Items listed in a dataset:
——

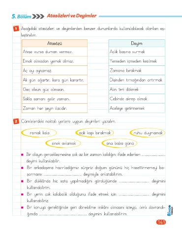 2  Cümlelerdeki noktalı yerlere uygun deyimleri yazalım.
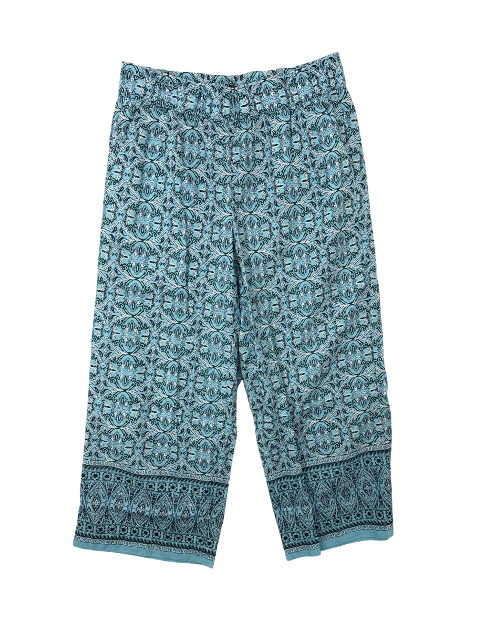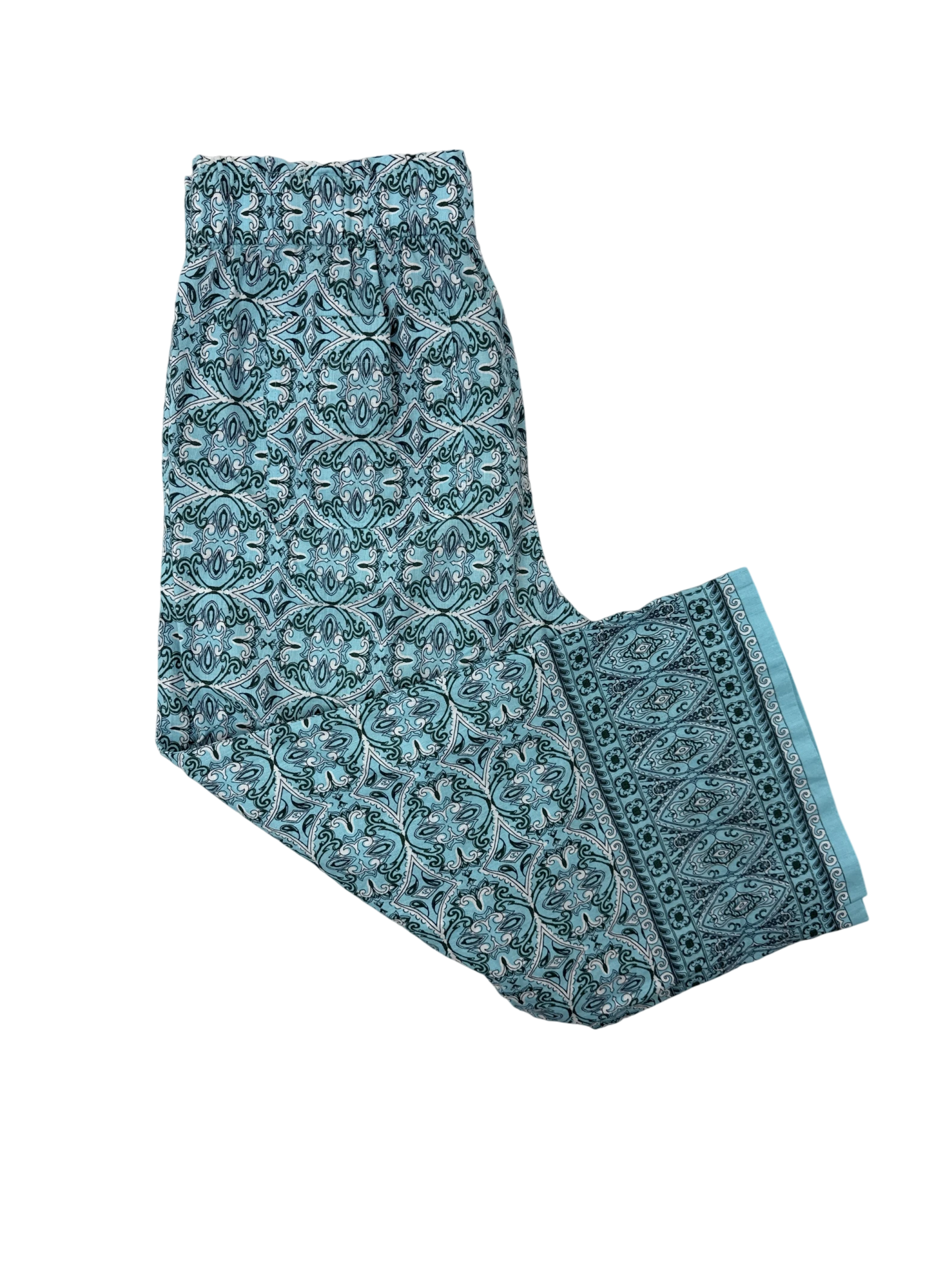 Elevate your summer wardrobe with these pre-owned TALOTS palazzo pants. Crafted from lightweight polyester fabric, these pants feature a vibrant blue floral print. They have a comfortable wide-leg fit, perfect for warm weather. The elastic waistband ensures a great fit. These stylish palazzo pants offer a touch of elegance and are versatile enough for casual or dressier occasions.
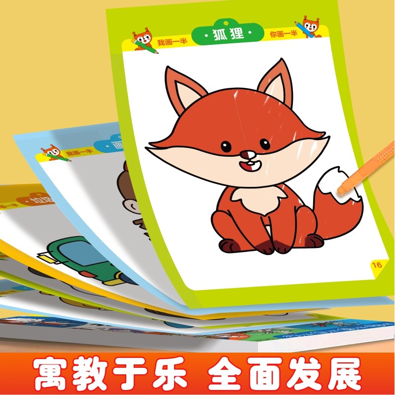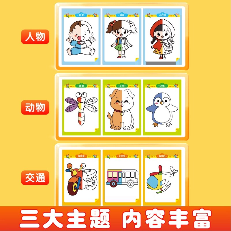 奇思妙想半边画 全3册 儿童零基础绘画本 三大主题人物动物交通启蒙 培养专注力激发想象力 插画涂鸦本 早教益智美术教材 优优鼠
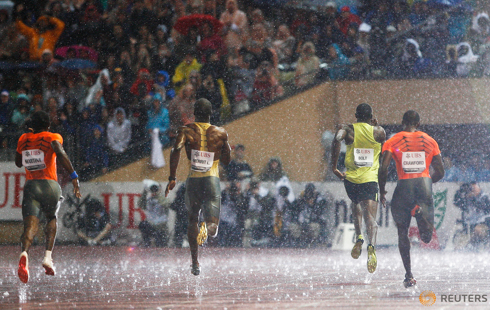 Usain Bolt of Jamaica (2nd R) runs to win the men's 200 metres race next to Churandy Martina of the Netherlands Antilles, LaShawn Merritt of the U.S. and Shawn Crawford of the U.S. (L-R) during the Super Grand Prix athletics meeting at the Stade Olympique in Lausanne July 7, 2009 REUTERS/Denis Balibouse
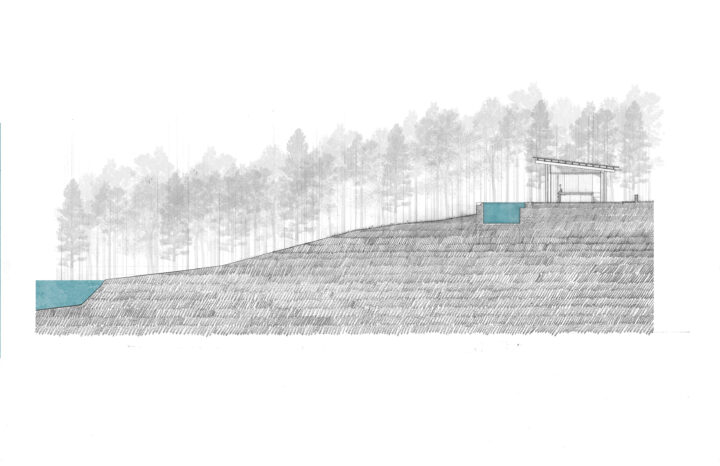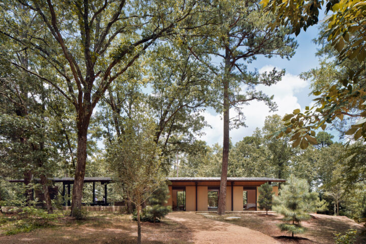 Located in East Texas, Aegean Pool House is sited on a hilltop overlooking a peaceful lake, surrounded by densely shaded pine forest. This weekend home is designed as an escape from urban life and emphasizes strong connections to nature and a sense of place. A key design feature was to encourage engagement with the outdoors by creating outdoor program elements, specifically the primary living spaces including dining and kitchen.
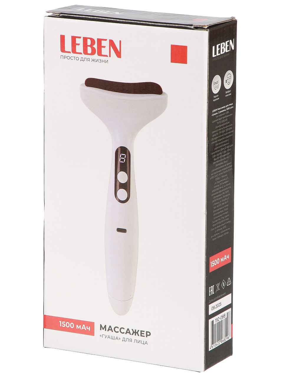 Массажер для лица Leben 7 Вт с функцией гуаша — эффективный уход за кожей дома и в поездках. 2 режима, аккумулятор 1500 мАч, USB-зарядка, гарантия 12 мес.

——

### Problem to work on
Here the lines from the one with "Usain Bolt of" through the last line of the data above need to be repeated exactly, both included, and any picture omitted.

### Response area
 Usain Bolt of Jamaica (2nd R) runs to win the men's 200 metres race next to Churandy Martina of the Netherlands Antilles, LaShawn Merritt of the U.S. and Shawn Crawford of the U.S. (L-R) during the Super Grand Prix athletics meeting at the Stade Olympique in Lausanne July 7, 2009 REUTERS/Denis Balibouse
 Located in East Texas, Aegean Pool House is sited on a hilltop overlooking a peaceful lake, surrounded by densely shaded pine forest. This weekend home is designed as an escape from urban life and emphasizes strong connections to nature and a sense of place. A key design feature was to encourage engagement with the outdoors by creating outdoor program elements, specifically the primary living spaces including dining and kitchen.
 Массажер для лица Leben 7 Вт с функцией гуаша — эффективный уход за кожей дома и в поездках. 2 режима, аккумулятор 1500 мАч, USB-зарядка, гарантия 12 мес.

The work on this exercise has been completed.